Records contained in a dataset
::::::

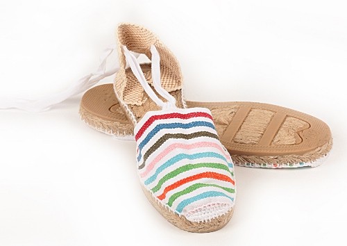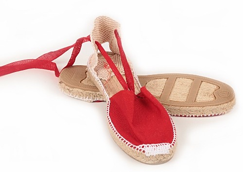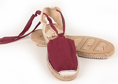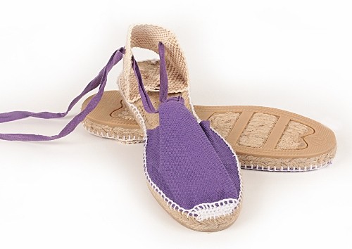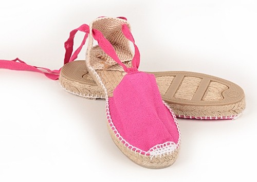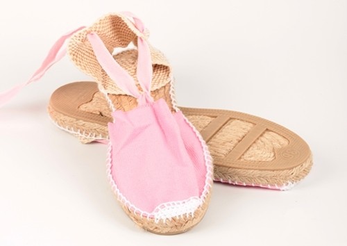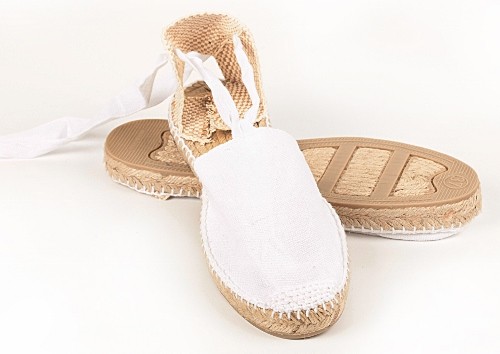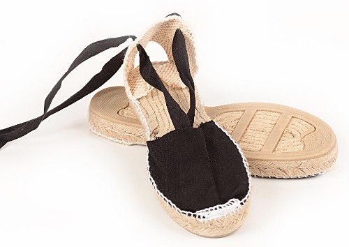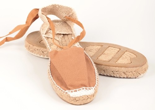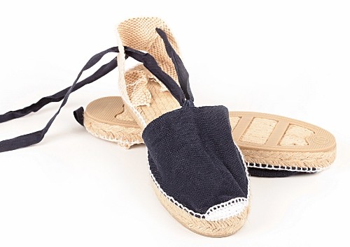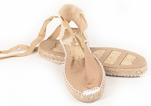 Alpargata de yute plana abierta con cintas para atar al tobillo y talonera de tela de saco. Para mujer y niño.
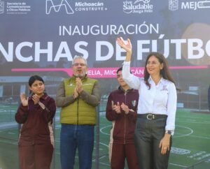 *Morelia, Michoacán, 10 de diciembre de 2025.-* La educación y el deporte son pilares para la construcción de una cultura de la paz, para la creación de una vida y entornos saludables, destacó la secretaria de Educación, Gabriela Molina, al acompañar al gobernador Alfredo Ramírez Bedolla durante la inauguración de las canchas de futbol 7 en la Escuela Secundaria Federal número 2 «Hermanos Flores Magón». La obra conto con una inversión de 10 millones de pesos.
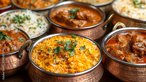 Indian Cuisine: Closeup of Yellow Rice and Curry in Copper Bowls
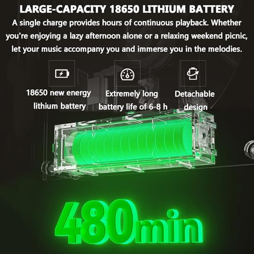 - LARGE-CAPACITY LITHIUM BATTERY: A full charge provides 6-8 hours of continuous playback. Whether it's a lazy afternoon alone or a relaxing weekend picnic, let music accompany you and immerse you in beautiful melodies.
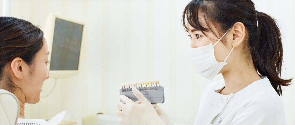 セラミック治療を始めるために私たちは、まずは歯を支える骨と歯茎、歯の根を治します。その後、患者さまひとりひとりに合った歯の形・色を歯科技工士にオーダーしていきます。
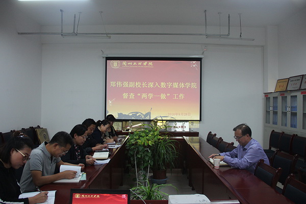 9月28日下午,郑伟强副校长深入联系学院督查 “两学一做”工作,学院党总支书记陈小琴主持并汇报工作,张毅副院长及各支部负责人听会。
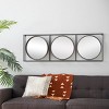 - This minimalist wall mirror features 3 separate round mirror panels in independent compartments
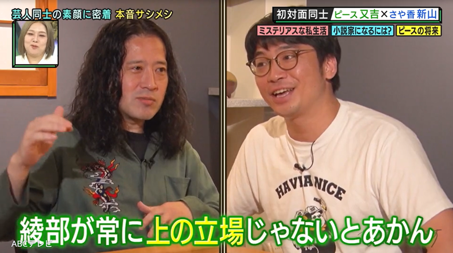 また、綾部は過去に又吉へ、「お前は芥川賞をとったけど、芥川賞をとったやつなんか歴史上100人以上おる。だけど、歴史上芥川賞の相方は俺が初めてや」と言ったのだとか。このエピソードにスタジオ一同は、「なんでそんなことを言ったんや」「すごいマウントの取り方やな」などと大笑いした。
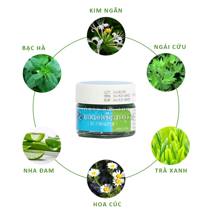 Yan hee Mosquito Brand Thai Green Balm có bảng thành phần khá phức tạp với chiết xuất từ nhiều loại thảo dược thông qua chế biến công phu. Đây là loại dầu thoa ngoài da có tác dụng cực ổn trong việc chấm dứt cảm giác ngứa ngáy, khó chịu do sâu bọ cắn hoặc muỗi đốt.
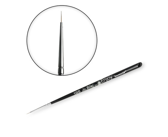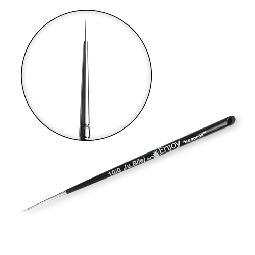 Пензель для розпису Enjoy by Ju.Bilej Волосок #10Новинка для майстрів манікюру: ексклюзивні кисті Ju.Bilej від заводу Roubloff, створені спеціально для Enjoy Professional. Це авторська запатентована розробка майстра міжнародного класу Юлії Білей. Пензлі виготовлені з якісного ворсу та деревини, служать довгі роки.Пензель Волосок #10 ідеальний для промальовування складних тонких ліній і дрібних деталей, таких як вензелі, тонкі лінії, мініатюри, візерунки та інші деталі. Пензлик підходить для китайського та художнього розпису. Кисть дуже тонка, неначе волосок. Виготовлена з натурального ворсу сибірського стовпчика.Пензлик набитий щільно, ворс не випадає, не залишає смуги, не набирає великої кількості матеріалу, що дозволяє зробити роботу акуратнішою. Ручка кисті виготовлена з дерева, не ковзає та зручно лежить у руці.Довжина ворсу: 6 мм
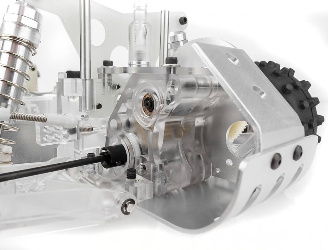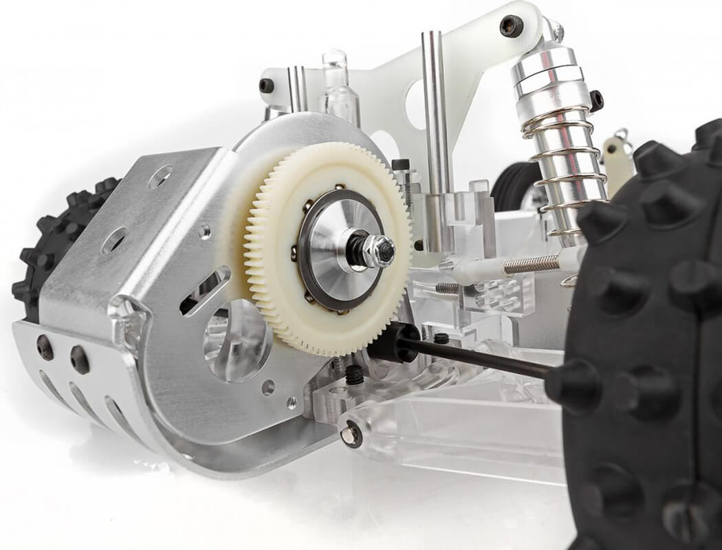 Full race rear suspension includes durable dogbone and stub axle drivetrain with pinned modular wheels. Quick-release knockoff design provides fast, accurate alignment. Low-profile gearbox uses VariLok adjustable diff and is protected by an integrated motor/heatsink.
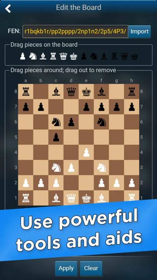* Choose from different boards: 2D, 3D and a stunning fantasy chess set.
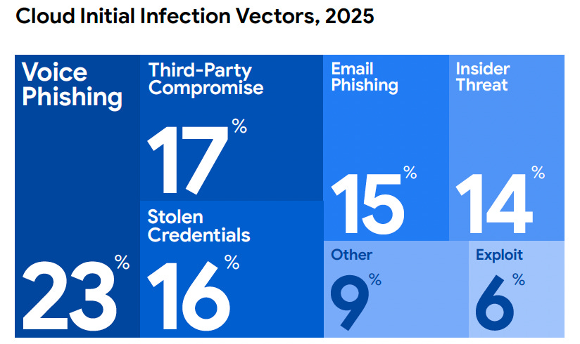 M-Trends 2026 dedicates significant attention to cloud compromises, and the findings are sobering. Mandiant reports that cloud-related incidents represented a growing share of their investigations, with identity and access management misconfigurations, overly permissive service accounts, and cross-environment lateral movement as recurring themes.
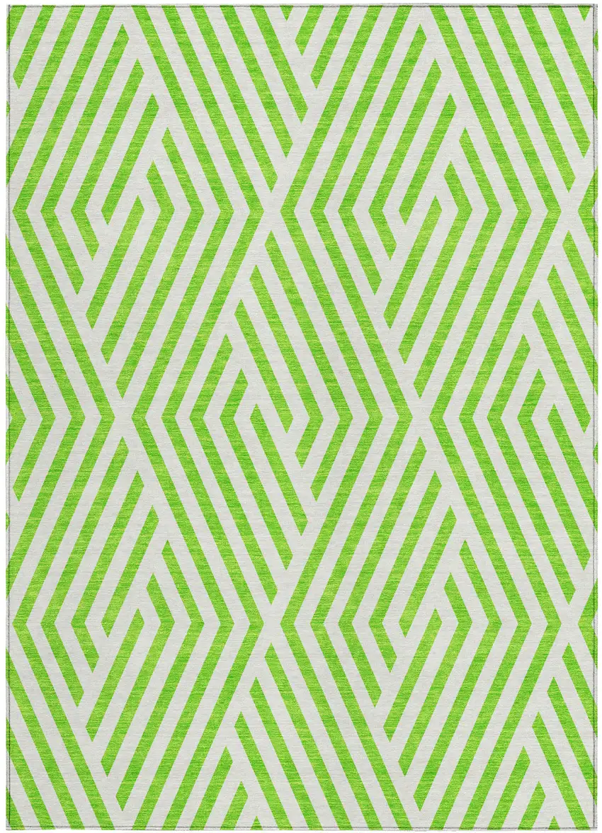 Add some artistry to your room with this 5-foot x 8-foot lime green and white geometric washable stain resistant non skid indoor outdoor area rug. This rectangle shaped rug features a geometric design in lime green and white to give it visual interest. A classic shape marries with good looking design for your space ideal for spaces with kids and pets, this rug is stain resistant to help repel stains and spilled liquids. Area rugs help to give warmth and sense of home to your space. 60-inch H x 90-inch W x 0.19-inch D
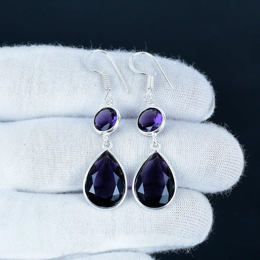 Purple Purpurite & Amethyst Sterling Silver Dangle Earrings
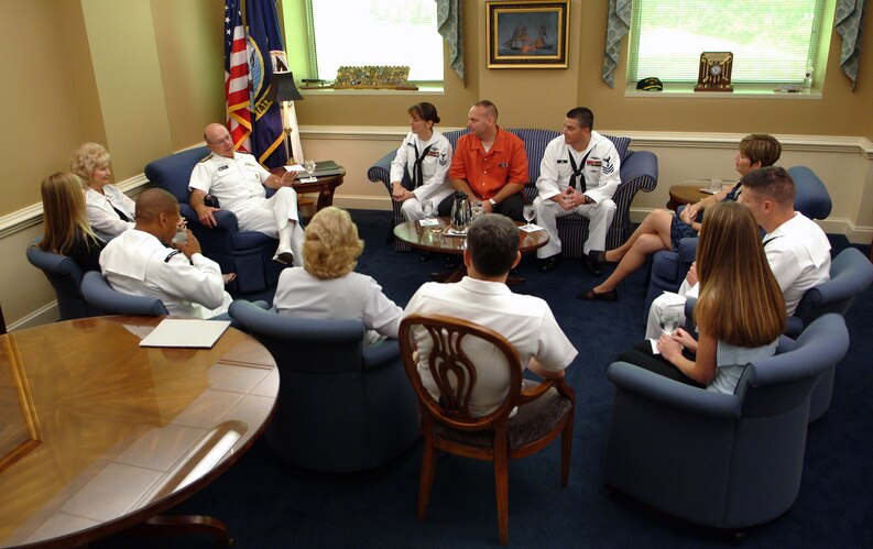 US Navy (USN) Chief of Naval Operations (CNO) Admiral (ADM) Vern Clark and Mrs. Connie Clark spend time with the Pacific, Atlantic, Shore, and Reserve Force Sailors of the Year the day prior to their promotion to Chief Petty Officer. They were escorted by Master Chief Petty Officer of the Navy (MCPON) Terry Scott and his wife Mrs. Doreen Scott.
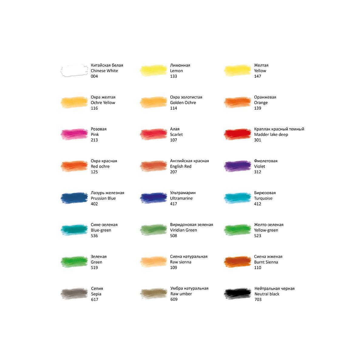 Студентам художественных школ, начинающим живописцам и всем, кто ценит удобство в работе. 24 базовых цвета включают как классические оттенки (умбра, сепия, охра), так и насыщенные тона (ультрамарин, бирюзовый, краплак).
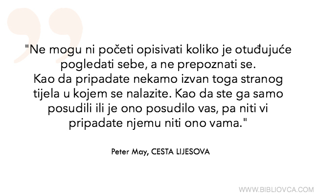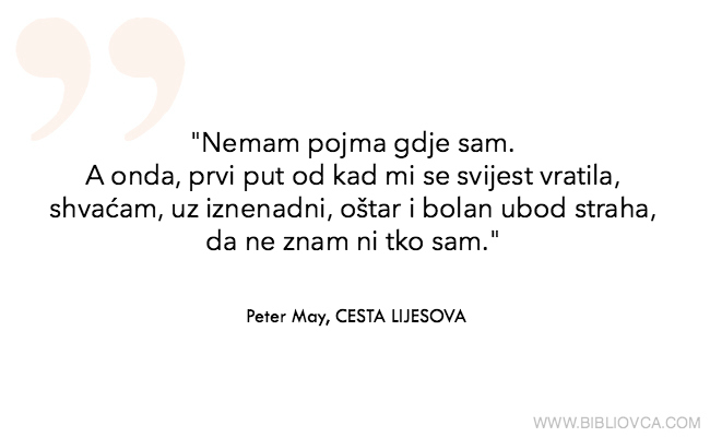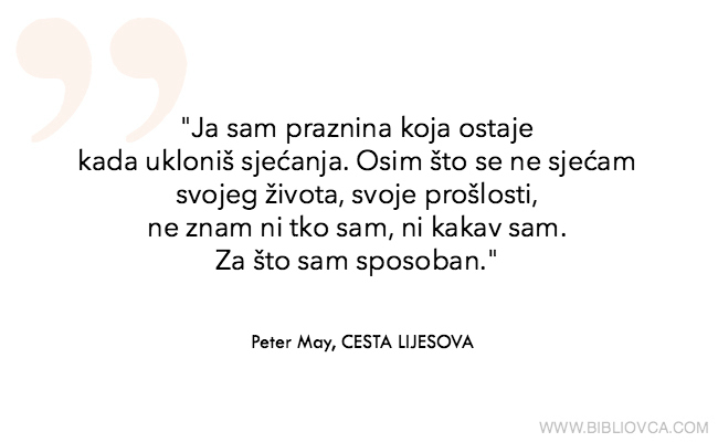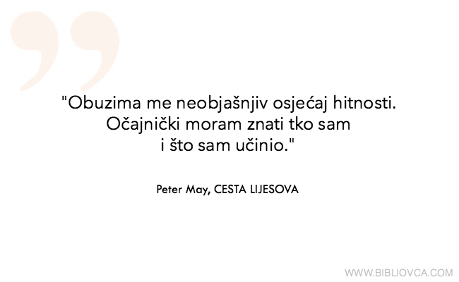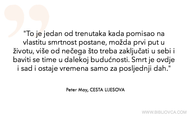 Dok se “Ona prije mene” bavila uskim svijetom poremećenih individualnih odnosa, kraj “Ceste lijesova” razotkrio je poremećene odnose i zaorao po etičkim pitanjima na globalnoj razini koja se tiče svih nas. Osim što je dobrim pripovijedanjem Peter May učinio uslugu čitatelju, izborom teme učinio je uslugu čovjeku kao živom biću i dijelu jednog savršenog, ali osjetljivog ekosustava.
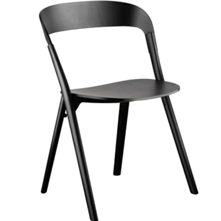 The minimal Pila chair by Magis came to being when Ronan and Erwan Bouroullec set out to create a chair with the least amount of materials and hardware. The delicate legs are solid ash, and the seat and backrest are made of thin ash plywood. The slanted line of the front legs continues all the way to the beautiful backrest that curves around the sitter like a wide ribbon. Made of die-cast aluminum, the structure joining the legs to the seat is nearly invisible. Pila features an airy, stackable design that will stand the test of time and pairs well with any contemporary table.
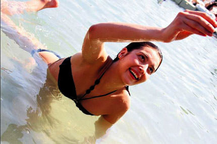 Senem Kuyucuoğlu, önceki gün Marrakech'te deniz keyfi yaptı. Sahilde seyyar midyeciyi gören güzel manken, hiç üşenmeden yüzerek satıcının yanına gitti. Kuyucuoğlu, denizden çıkmadan midyeleri afiyetle yedi.
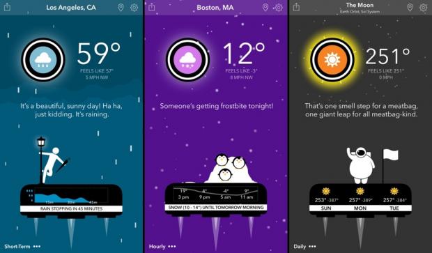 CARROT Weather Free là một ứng dụng thời tiết năng động, được cung cấp những dữ liệu chính xác từ trung tâm khí tượng thủy văn Forecast.io. Tuy nhiên, điểm ấn tượng không chỉ năm ở đó, mà còn nhờ vào những đoạn hội thoại với nội dung hài hước, đi kèm các cảnh diễn hoạt họa thú vị và rất nhiều giao diện đẹp mắt khác nhau.
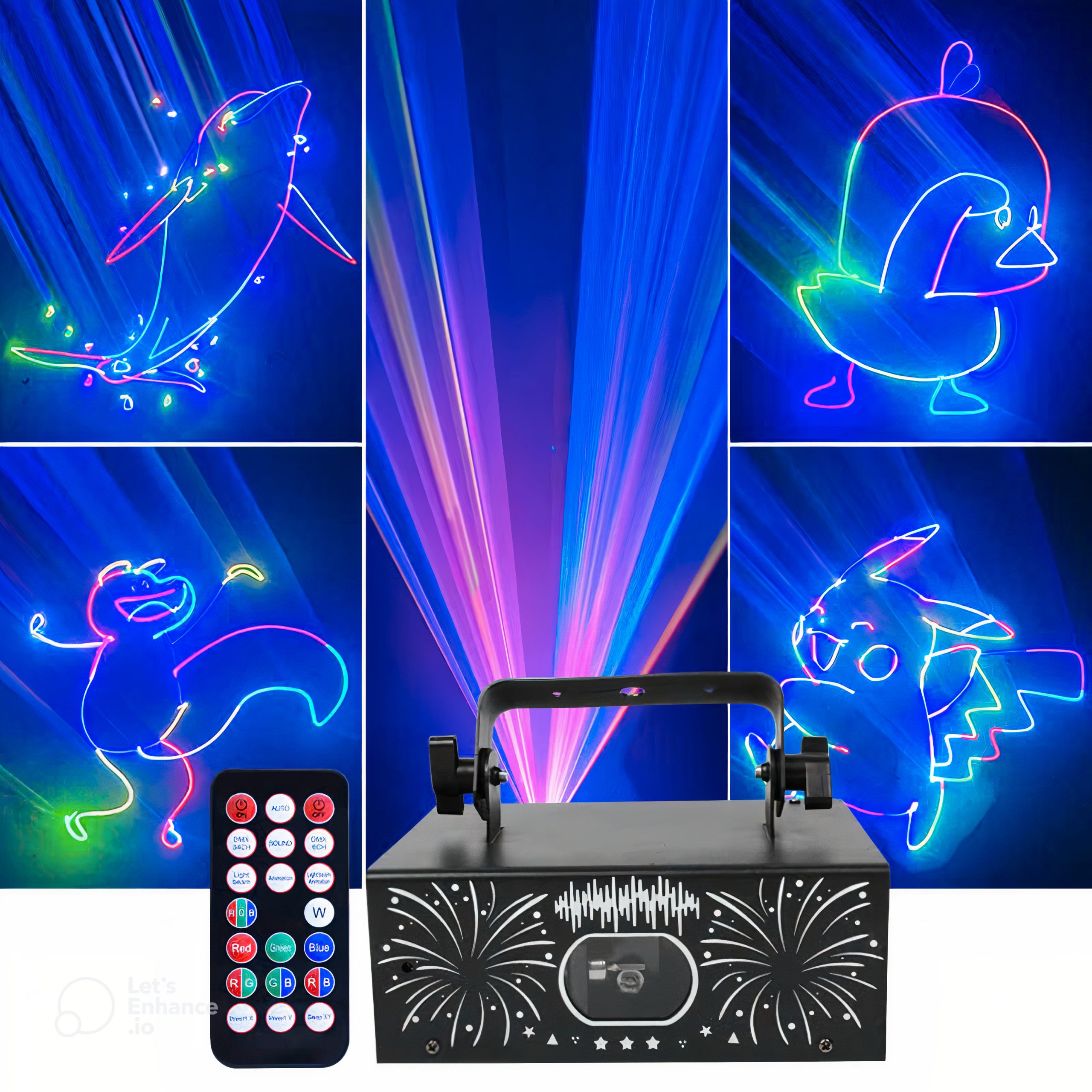Đèn chiếu laser với 1000 hiệu ứng 3D đẹp mắt, huyền ảo như :Quét tia, Chiếu hình, Hoạt hình, Hiệu ứng nước, Gobo Hoa laser, Hiệu ứng Laser chùm với 3 kênh riêng biệt: Cảm biến theo nhạc, Kênh hình thú, Kênh quét tia

::::::

What belongs in the answer is each line above from the line with "また、綾部は過去に又吉へ、「" to the line with "Yan hee Mosquito", inclusive, reproduced exactly and free of pictures.

 また、綾部は過去に又吉へ、「お前は芥川賞をとったけど、芥川賞をとったやつなんか歴史上100人以上おる。だけど、歴史上芥川賞の相方は俺が初めてや」と言ったのだとか。このエピソードにスタジオ一同は、「なんでそんなことを言ったんや」「すごいマウントの取り方やな」などと大笑いした。
 Yan hee Mosquito Brand Thai Green Balm có bảng thành phần khá phức tạp với chiết xuất từ nhiều loại thảo dược thông qua chế biến công phu. Đây là loại dầu thoa ngoài da có tác dụng cực ổn trong việc chấm dứt cảm giác ngứa ngáy, khó chịu do sâu bọ cắn hoặc muỗi đốt.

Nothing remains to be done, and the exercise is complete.